Der erste der Versuche, der die erhaͤrtende Eigenschaft des rohen Gypses
andeutete, war ganz geeignet die Vermuthung zu veranlassen, daß eine chemische
Zersezung zu diesem Resultate noͤthig sey. Ich wuͤnschte zu ermitteln,
in wiefern frisch gefaͤllter kohlensaurer Kalk im Stande sey, den Gyps zu
verbessern, und brachte zu diesem Behufe gepuͤlverten rohen Gyps auf ein
Filtrum, auf welchem ich ihn mit einer kalten Aufloͤsung von kohlensaurem
Kali uͤbergoß. Das Resultat war, daß das Gypspulver sogleich
erhaͤrtete, und daß eine offenbare Verminderung des Alkali Statt fand.

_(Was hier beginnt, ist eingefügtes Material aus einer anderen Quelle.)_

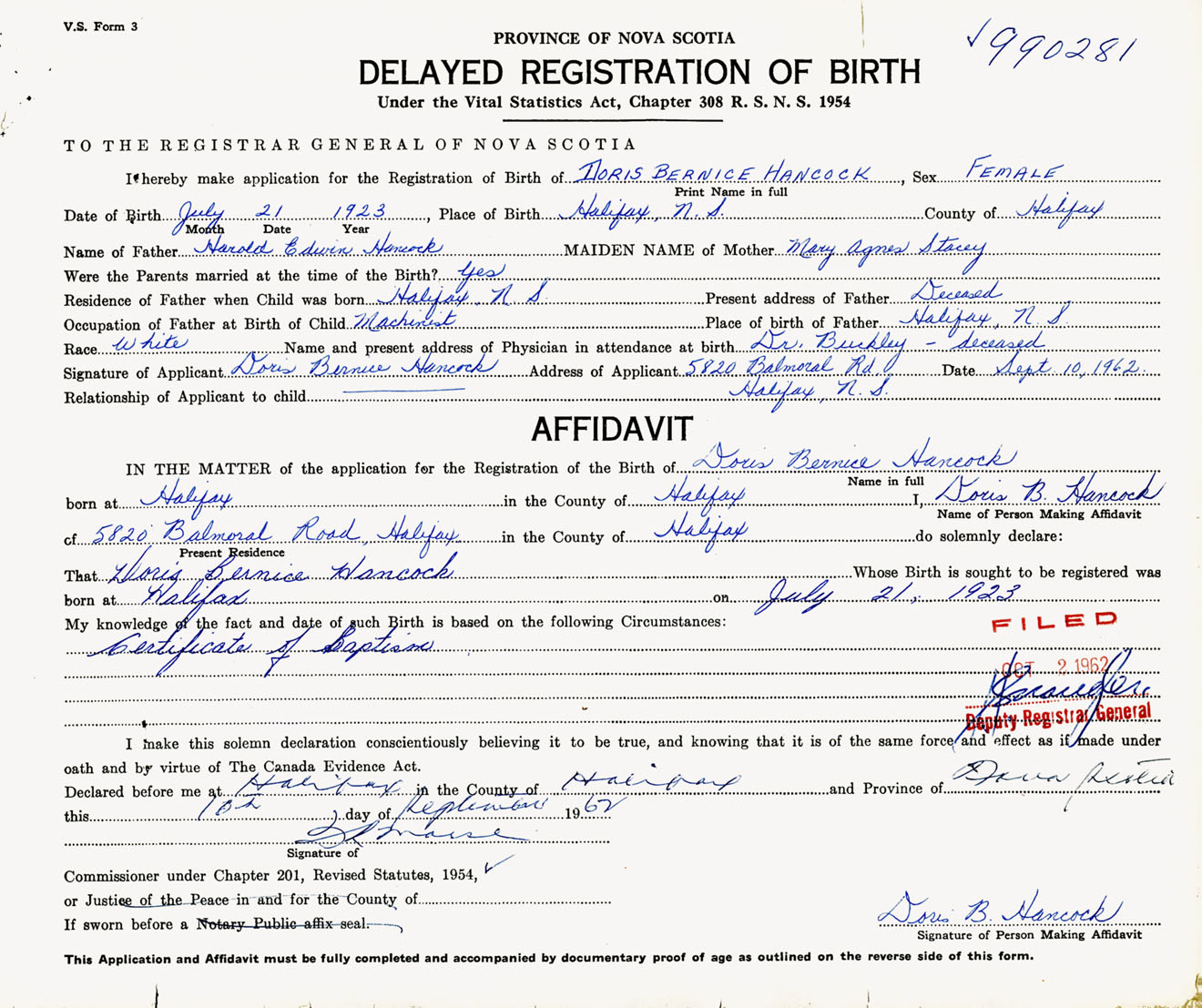 Signature of Applicant Doris Bernice Hancock Address of Applicant 5820 Balmoral Road, Halifax, NS Date 10 September 1962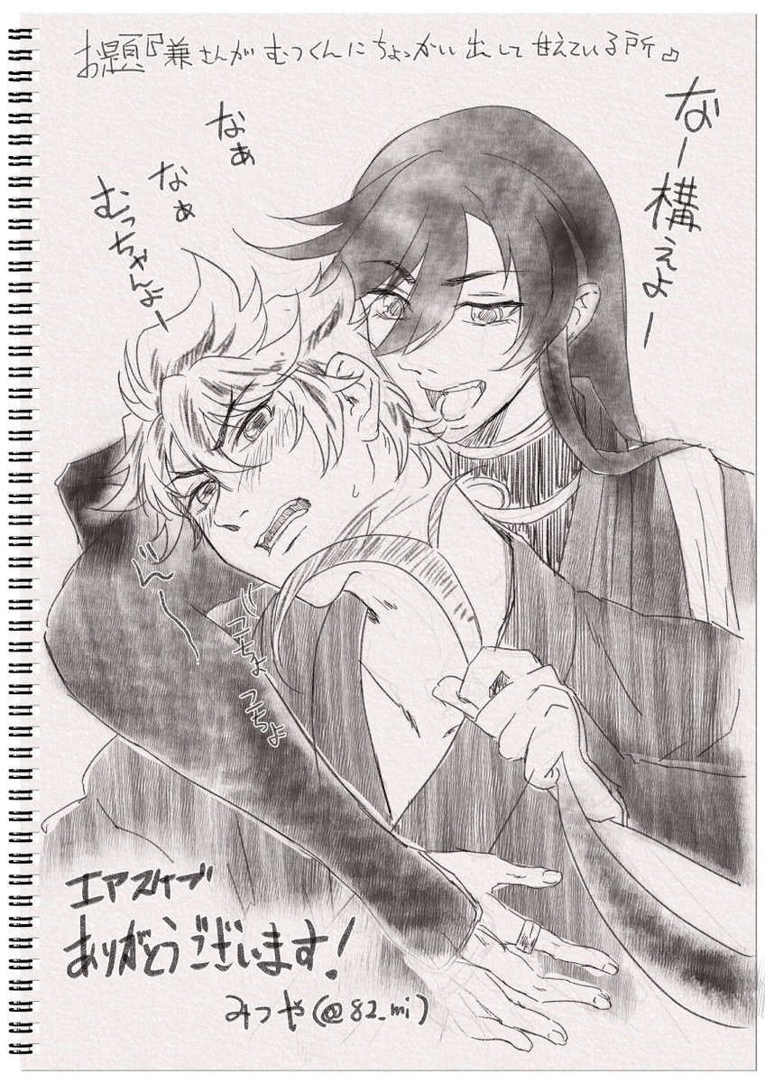 エアスケブ 『兼さんがむつくんにちょっかい出して甘えている所』 甘える兼さん大好きです!ありがとうございました😊

Bei
wiederholtem Filtriren derselben Aufloͤsung durch dasselbe Filtrum deutete
das Curcumepapier endlich kein Alkali mehr an, und durch die Anwendung von
Reagenzien zeigte sich, daß schwefelsaures Kali an dessen Stelle getreten war, so
daß man sich auf diese Weise ziemlich schnell eine gesaͤttigte
Aufloͤsung dieses lezteren Salzes verschaffen kann. Uebrigens ergibt sich bei
weiterer Untersuchung, daß das schwefelsaure Kali keine bleibende Verbindung mit dem
Gypse einzugehen im Stande ist.
Man wird vielleicht bei weiteren Nachforschungen noch andere Salze auffinden, die
sich noch besser, als die bereits angefuͤhrten, dazu eignen duͤrften,
den rohen Gyps zum Erhaͤrten zu bringen. Das kohlensaure Kali scheint jedoch
wegen seiner Wohlfeilheit den Vorzug zu verdienen, wenn die Erfahrung zeigen sollte,
daß der auf diese Weise zum Erhaͤrten gebrachte rohe Gyps eben so gute
Dienste leistet, als der gebrannte Gyps. Das Brennen des Gypses zeigt sich nicht
jedes Mal als das geeignetste Verfahren, und in diesem Falle moͤchte wohl
durch eine Aufloͤsung von kohlensaurem Kali, oder eine aus Holzasche
gewonnene Lauge schnell ein Erhaͤrten bewirkt werden koͤnnen, welches,
so viel ich bisher ermitteln konnte, auch vollkommen ist.